There is somewhere a "combining acute accent" that can be combined with 
a "e", so you could use two code points to write "é" if you wanted 
instead of the single code point "pre-combined" form.

> 2. Is there a proper way to encode that modifier character by itself? For
> instance, if you wanted to write "Japanese has a (the modifier by itself
> here) that changes a sound".

Sometime there is a separate (non-combining) character for that. For 
instance you have a non-combining acute accent as a standalone 
character. Perhaps you can use a combining character with a no-break 
space?

> 3. A text editor, for instance, is intended to treat something like (U+305D,
> U+3099) as a single character, right?

Yes. They are both equivalent, and they'll share the same Unicode 
normalization.

> 4. When comparing strings, are (U+305E) and (U+305D, U+3099) intended to
> compare as equal?

Yes, well, it depends on what you're trying to do. Say you're searching 
for "é" in a text editor, it should match both the normal and the 
combining version. In your code, it depends on what you want to do (if 
you want to replace U+305D U+3099 with U+305E, then obviously you 
search by code point).

I think the proper way to do this is to perform Unicode normalization 
on both strings before comparing code points.

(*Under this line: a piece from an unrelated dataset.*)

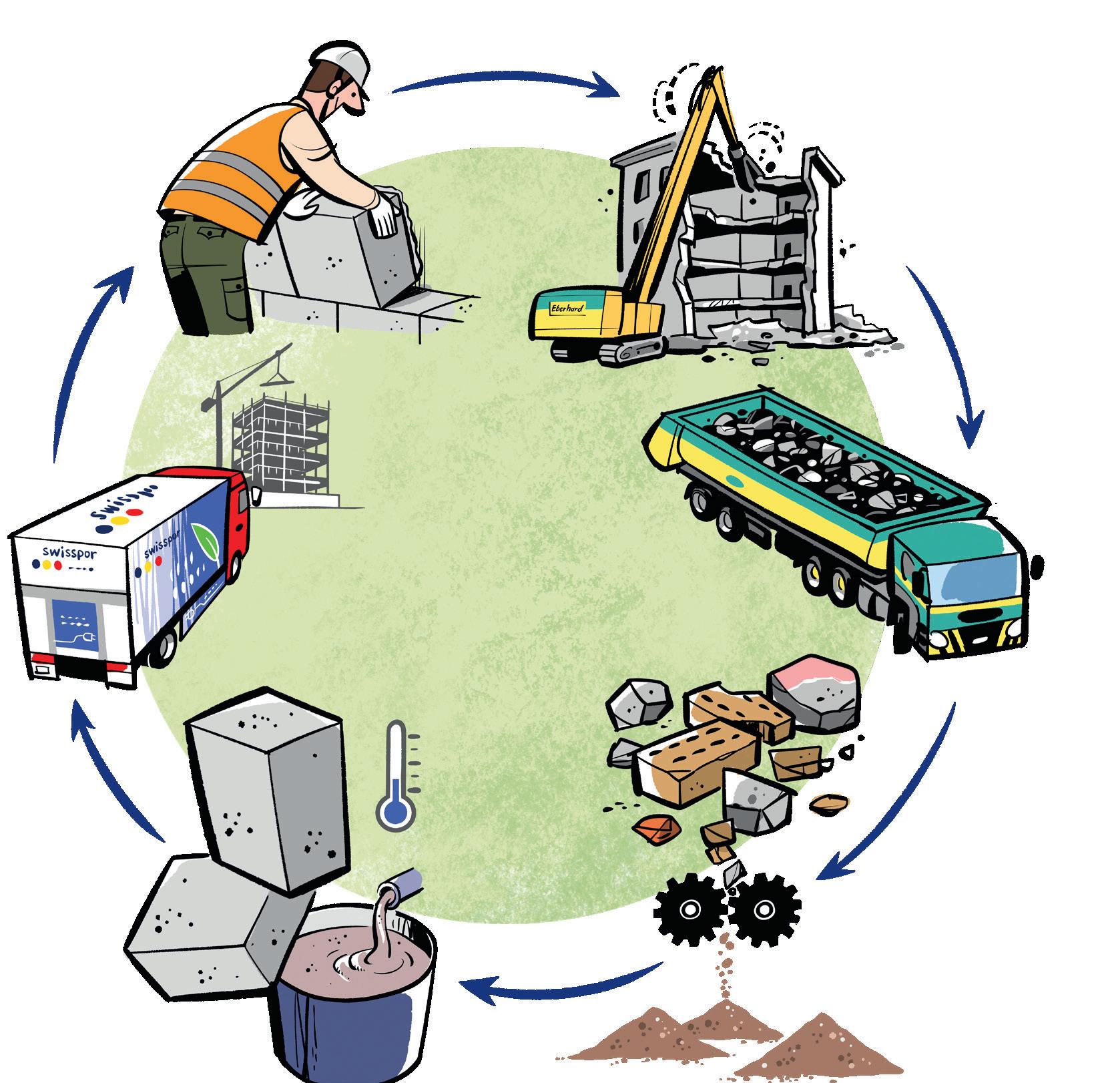 Pro Jahr fallen in der Schweiz rund 15 Millionen Tonnen an mineralischem Rückbaumaterial an, welches im ungünstigsten Fall auf einer dafür vorgesehenen Deponie entsorgt und somit dem Stoffkreislauf auf alle Ewigkeit entzogen wird. Diese Praxis steht im Widerspruch zum wachsenden Bedürfnis nach Nachhaltigkeit und Ressourcenschonung. Eberhard Unternehmungen und swisspor AG haben es sich zur Aufgabe gemacht, diesem Trend entgegenzuwirken. Durch die innovative Aufbereitung von Abbruchmaterial streben sie danach, neue, zirkuläre Rohstoffe und Bauprodukte für die lokale Bauindustrie zu schaffen.

> 5. Does Phobos/Tango correctly abide by whatever the answer to #4 is?

Probably not. But again, in some cases making a literal code-point 
search might be what you want.

It'd be interesting if someone could make a unicode normalizer in the 
form of a range in Phobos 2. That way you could compare both strings by 
comparing code points from the normalizer ranges, all this without 
having to create a normalized copy.

> 6. Are there other languages with similar things for which the answers to #3
> and #4 are different? (And if so, how does Phobos/Tango handle it?)

Not all combinations have a pre-combined form, so you can't always 
convert them to a single code point. But beside that, when there is a 
pre-combined form, they should be treated as equivalent.

> 7. I assume Unicode doesn't have any provisions for Furigana, right? I
> assume that would be outside the scope of Unicode, but I thought I'd ask.

I'm pretty sure furigana is out of scope.

Reference:
<http://en.wikipedia.org/wiki/Combining_character>
<http://en.wikipedia.org/wiki/Unicode_normalization>

-- 
Michel Fortin
michel.fortin at michelf.com
http://michelf.com/